> [Requirement]: Return the lines of the material below exactly, beginning with the line that has "Підключіть і запаліть" in it and finishing with the line that has "Medový perník se" in it. Leave all pictures aside.
Material provided section start
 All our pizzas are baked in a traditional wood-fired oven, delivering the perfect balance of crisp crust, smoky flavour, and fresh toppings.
Material provided section end
Material provided section start
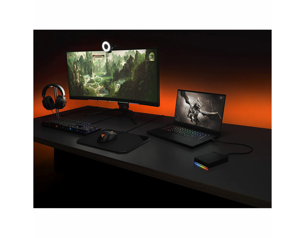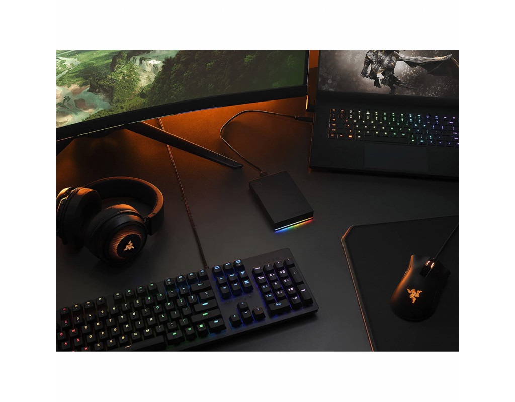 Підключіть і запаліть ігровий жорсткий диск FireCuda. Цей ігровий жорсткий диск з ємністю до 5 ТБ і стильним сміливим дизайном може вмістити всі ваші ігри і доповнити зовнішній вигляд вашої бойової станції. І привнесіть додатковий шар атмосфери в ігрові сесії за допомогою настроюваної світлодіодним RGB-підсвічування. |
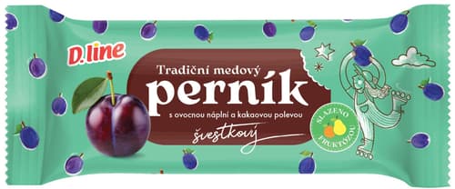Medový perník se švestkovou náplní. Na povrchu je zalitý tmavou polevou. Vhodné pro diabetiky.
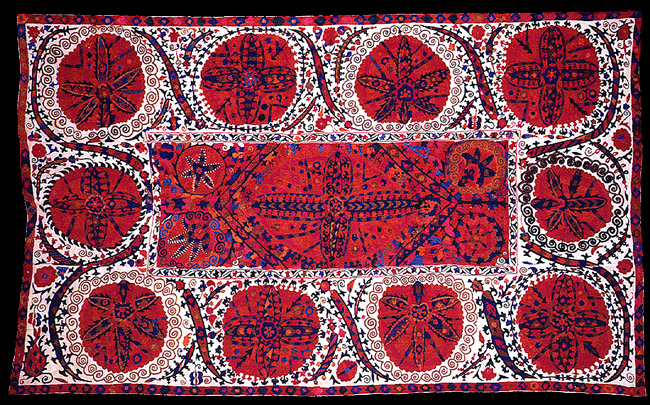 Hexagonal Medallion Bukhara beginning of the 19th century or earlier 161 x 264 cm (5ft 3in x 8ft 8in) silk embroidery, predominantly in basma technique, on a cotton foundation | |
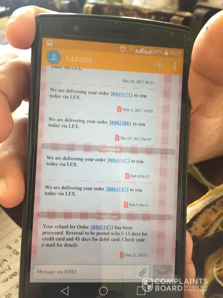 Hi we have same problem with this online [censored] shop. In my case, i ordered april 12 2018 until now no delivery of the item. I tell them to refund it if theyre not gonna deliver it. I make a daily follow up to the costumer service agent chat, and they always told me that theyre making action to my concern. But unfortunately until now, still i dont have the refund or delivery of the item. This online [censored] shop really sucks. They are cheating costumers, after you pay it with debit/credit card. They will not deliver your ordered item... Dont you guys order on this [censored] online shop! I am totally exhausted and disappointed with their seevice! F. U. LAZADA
Material provided section end
Material provided section start
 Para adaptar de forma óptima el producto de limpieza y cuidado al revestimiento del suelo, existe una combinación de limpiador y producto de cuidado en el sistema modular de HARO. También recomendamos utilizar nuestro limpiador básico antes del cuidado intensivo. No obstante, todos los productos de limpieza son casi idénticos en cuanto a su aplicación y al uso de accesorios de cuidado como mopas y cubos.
Material provided section end
> [Answer section]:
 Підключіть і запаліть ігровий жорсткий диск FireCuda. Цей ігровий жорсткий диск з ємністю до 5 ТБ і стильним сміливим дизайном може вмістити всі ваші ігри і доповнити зовнішній вигляд вашої бойової станції. І привнесіть додатковий шар атмосфери в ігрові сесії за допомогою настроюваної світлодіодним RGB-підсвічування. |
Medový perník se švestkovou náplní. Na povrchu je zalitý tmavou polevou. Vhodné pro diabetiky.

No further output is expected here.